Но она приняла против нее одну решительную меру: обратилась к помощи "диалога" как особой разновидности речи, внедрение которой в "повествование", в "монолог" могло пестро расцвечивать эмоциональную канву художественного произведения. Открылись возможности эмоциональных эффектов, которые обусловлены отношением стиля диалога к общему тону повествования и особенностям чередования реплик в диалоге, его строением»83.
В. В. Виноградов писал свою работу, беспощадно полемизируя с Б. М. Эйхенбаумом, но, тем не менее, оба они сходились на том, что лирика Ахматовой воспроизводит в себе самой образ произносимой речи. Только Б. М. Эйхенбаум обращал внимание преимущественно на предельно артикулированный характер этой речи, а Виноградов — на ее синтаксическое строение. Ни первый, ни второй по разным причинам не отрешились вполне от представления, будто ее стихи носят повествовательный характер. Б. М. Эйхенбаум по-прежнему продолжал придерживаться выдвинутой им в 1919 году концепции «романа-лирики», а В. В. Виноградов время от времени по привычке пользовался терминами «повесть», «повествование».

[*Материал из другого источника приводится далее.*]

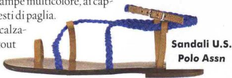
Sandali U.S. Polo Assn

A CACCIA DI ISPIRAZIONI HIPPIE nella più movimentata delle isole greche. Il San Giorgio Mykonos ( sangiorgio-mykonoshotel.com ), della catena Design Hotels, accoglie gli hipster di mezzo mondo con la sua atmosfera folk e rilassata. Dress code: bohémienne e casual. Via libera quindi ai parei dalle stampe multicolore, ai cappelli a falda larga e ai cesti di paglia. Immancabili i classici calzari di cuoio, passe-partout perfetti da indossare di giorno e di sera.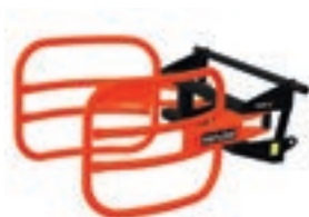
C 30 1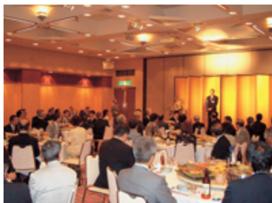
県内各単会のみなさんと交流を深めました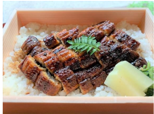
三河一色産の鰻を店内で焼き上げて秘伝のたれで味付け。上は肝入です。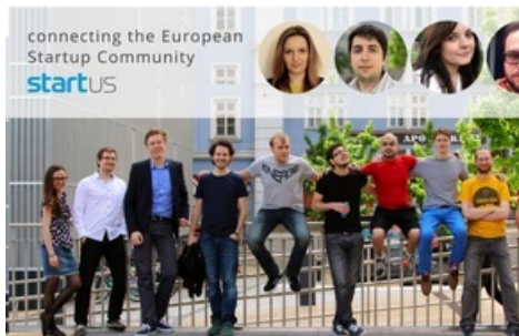
BILD zu OTS - StartUs Team Foto im Juli 2015.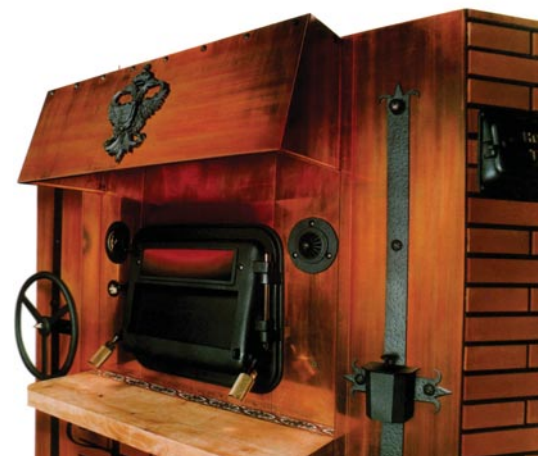
Horno de Tayso

La leña, según el modelo, se sitúa en el interior de la propia cámara de cocción o bien en un compartimento a parte. El primer caso hace referencia a los modelos más tradicionales. En ellos, el pizzero debe prender el fuego en el centro del horno y esperar a que se forme la brasa. Una vez conseguido esto, la brasa se retira al fondo y el horno ya se puede empezar a utilizar. El segundo tipo, por su parte, se refiere a los hornos equipados con tecnología de combustión a fuego indirecto. La combustión de la madera se realiza en una cámara especial de fuegos y de gases, con lo que se evita el contac-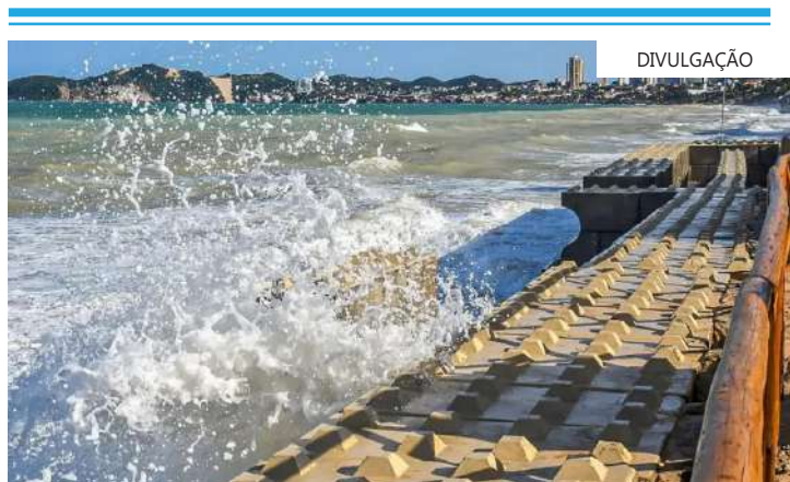
Segundo o Censo 2022, 111,28 milhões de pessoas moram próximo ao mar

Os dados mostram que o setor censitário mais populoso é o presídio da Papuda, no Distrito Federal, com 10.163 habitantes. Brasília também abriga o setor com maior número de domicílios: Condomínio Itapoã Parque, com 6.322 domicílios. A área com maior média de moradores por domicílio é Toricueije, em Barra do Garça (MT).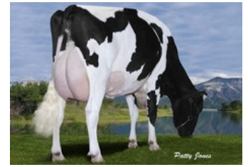
Gen-I-Beq Goldwyn Secret RC VG-87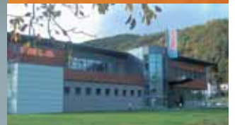
Finstral Wihr au Val (F) – Distribución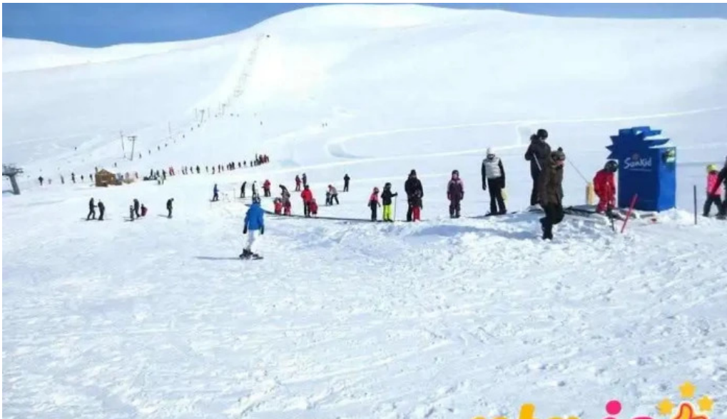
Skidasvaedid i tindastol skiðadvalarstaður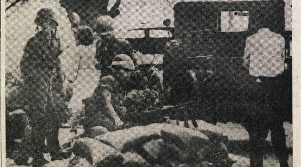
Kaže, da si prebivalci Bangkoka ne ženejo pretirano k srečo varnostnih ukrepov po državnem udaru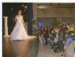
Den zahlreichen Besuchern wurde eine Modenschau geboten

Um sich auf den schönsten Tag seines Lebens vorzubereiten, bedarf es einer sorgfältigen Vorbereitung. Professionelle Hilfe ist dabei wirklich viel wert und somit lohnt sich wohl für viele angehende Brautpaare der Gang auf die Neusässer Hochzeitsmesse. Hier ein paar Eindrücke und auch viele Ideen- und Inspirations für künftige Brautpaare.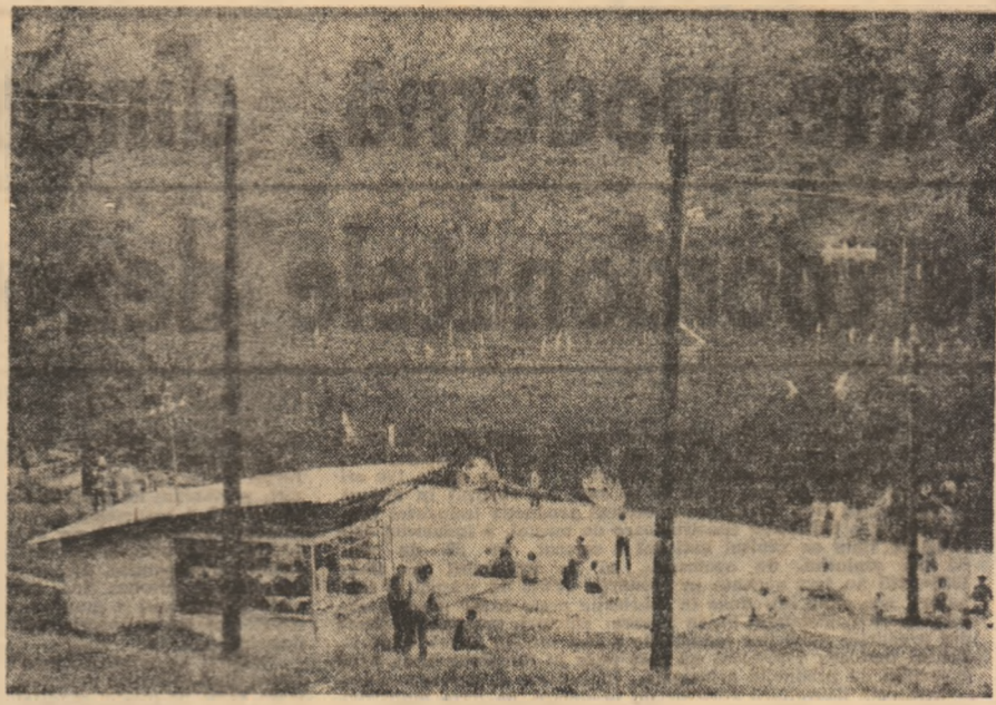
Lacul Roșu

Anchetă realizată de MARINA ALMĂȘAN-UNGUREANU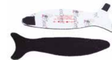
ABDUTOR DE POLEGAR

Abdução do polegar e estabilização do punho .

Но именно последний пришел к выводу о том, что каждое «отрывочное» стихотворение у Ахматовой есть ни что иное как «монолог» и поэтому ее лирика как целое представляет собой драматическую структуру. Отмеченная им тяга к диалогическому строению этих «монологов» подтверждала этот вывод, поскольку художественное целое не может не отпечатываться в структуре своих отдельных элементов.
К очень близкому выводу подошел в своей поздней книге об Ахматовой В. М. Жирмунский. Он подчеркивал, что малая стихотворная форма, столь виртуозно разработанная ею, часто воспринимается «как фрагмент более обширного целого, читателю неизвестного», или говорил об «иллюзии незамкнутости стихотворения, принадлежности его к более обширному целому»84. Но поскольку Жирмунский совершенно проигнорировал как отдельные наблюдения, так и общую концепцию В. В. Виноградова, это во многом обеднило эвристическую ценность его работы.
Полвека спустя в работе О. В. Симченко прозвучало утверждение, полностью согласующееся с выводами В. В. Виноградова, хотя и исходящее из других посылок: «Стихотворения поздней Ахматовой производят впечатление монологов, взятых из одной грандиозной трагедии, контуры которой проступают сквозь каждый из них, причем лирическая героиня <...> ведет свои монологи на таком трагедийном накале, что, кажется, ее вот-вот настигнет безумие»85.
Однако «отрывочность» и «фрагментарность» ахматовских «монологов» требуют уяснения смысла самой «грандиозной трагедии» и той роли, которая отведена в ней лирической героине Анны Ахматовой.